*Assignment*
Set down every line of the data exactly, skipping the pictures.

*Data section*
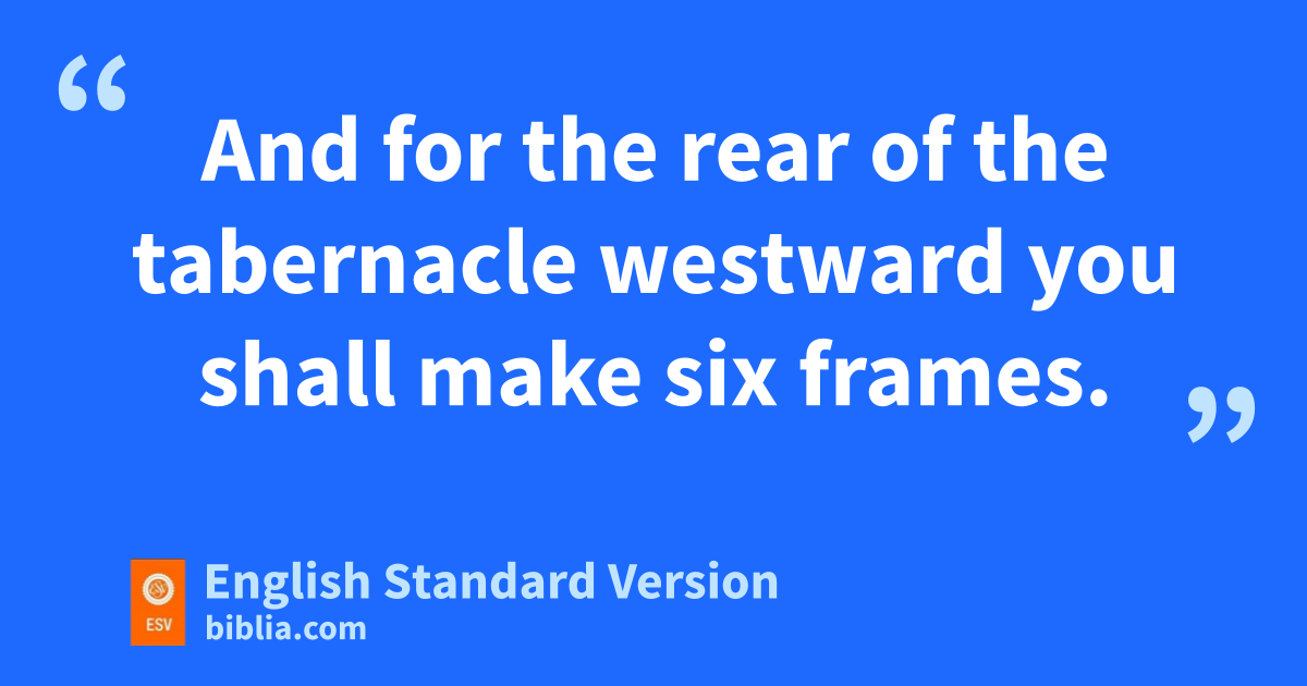 15 “You shall make upright frames for the tabernacle of acacia wood. 16 Ten cubits shall be the length of a frame, and a cubit and a half the breadth of each frame. 17 There shall be two tenons in each frame, for fitting together. So shall you do for all the frames of the tabernacle. 18 You shall make the frames for the tabernacle: twenty frames for the south side; 19 and forty bases of silver you shall make under the twenty frames, two bases under one frame for its two tenons, and two bases under the next frame for its two tenons; 20 and for the second side of the tabernacle, on the north side twenty frames, 21 and their forty bases of silver, two bases under one frame, and two bases under the next frame. 22 And for the rear of the tabernacle westward you shall make six frames. 23 And you shall make two frames for corners of the tabernacle in the rear; 24 they shall be separate beneath, but joined at the top, at the first ring. Thus shall it be with both of them; they shall form the two corners. 25 And there shall be eight frames, with their bases of silver, sixteen bases; two bases under one frame, and two bases under another frame.
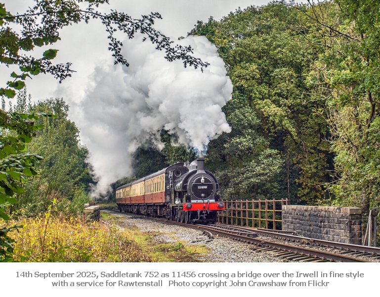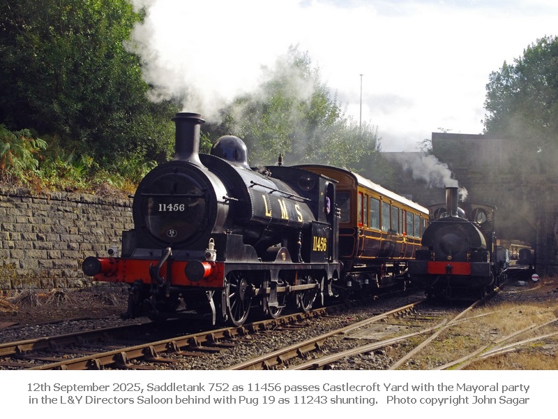 The first week of October saw Saddletank 752 as 11456 used on a ‘Mayor’s Special’ between Bury and Rawtenstall, our Third 6-wheel carriage 1507 on a special on the Worth Valley featuring loco FENCHURCH visiting from the Bluebell.
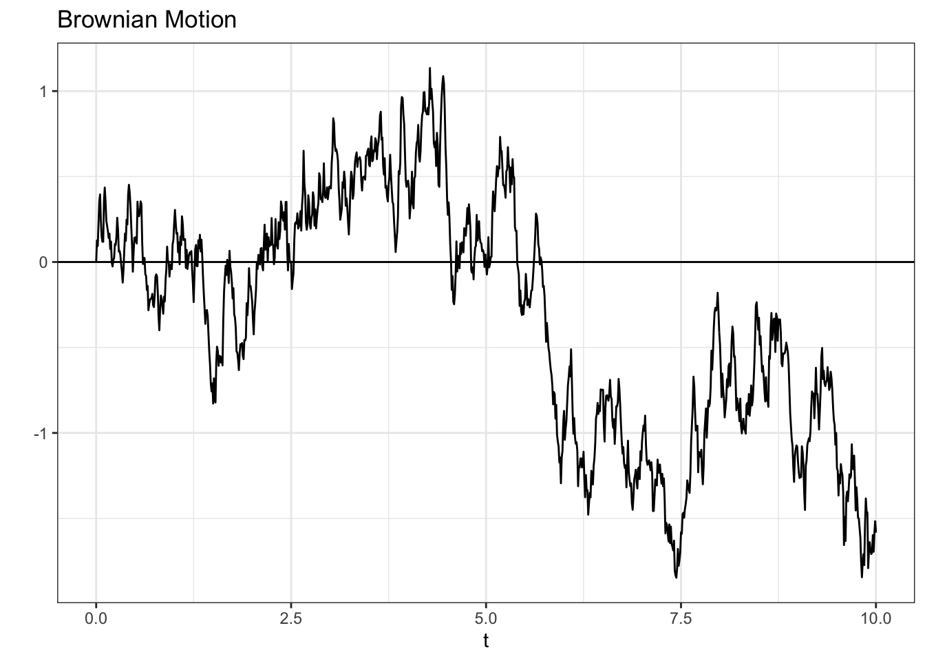 To explore this property, we will introduce a new stochastic process: Brownian Motion. This is a stochastic process with a relatively simple structure but many applications. Let \(X_t\) be Brownian Motion; we have that \(X_0 = 0\) and:

*Exercise output*
 15 “You shall make upright frames for the tabernacle of acacia wood. 16 Ten cubits shall be the length of a frame, and a cubit and a half the breadth of each frame. 17 There shall be two tenons in each frame, for fitting together. So shall you do for all the frames of the tabernacle. 18 You shall make the frames for the tabernacle: twenty frames for the south side; 19 and forty bases of silver you shall make under the twenty frames, two bases under one frame for its two tenons, and two bases under the next frame for its two tenons; 20 and for the second side of the tabernacle, on the north side twenty frames, 21 and their forty bases of silver, two bases under one frame, and two bases under the next frame. 22 And for the rear of the tabernacle westward you shall make six frames. 23 And you shall make two frames for corners of the tabernacle in the rear; 24 they shall be separate beneath, but joined at the top, at the first ring. Thus shall it be with both of them; they shall form the two corners. 25 And there shall be eight frames, with their bases of silver, sixteen bases; two bases under one frame, and two bases under another frame.
 The first week of October saw Saddletank 752 as 11456 used on a ‘Mayor’s Special’ between Bury and Rawtenstall, our Third 6-wheel carriage 1507 on a special on the Worth Valley featuring loco FENCHURCH visiting from the Bluebell.
 To explore this property, we will introduce a new stochastic process: Brownian Motion. This is a stochastic process with a relatively simple structure but many applications. Let \(X_t\) be Brownian Motion; we have that \(X_0 = 0\) and:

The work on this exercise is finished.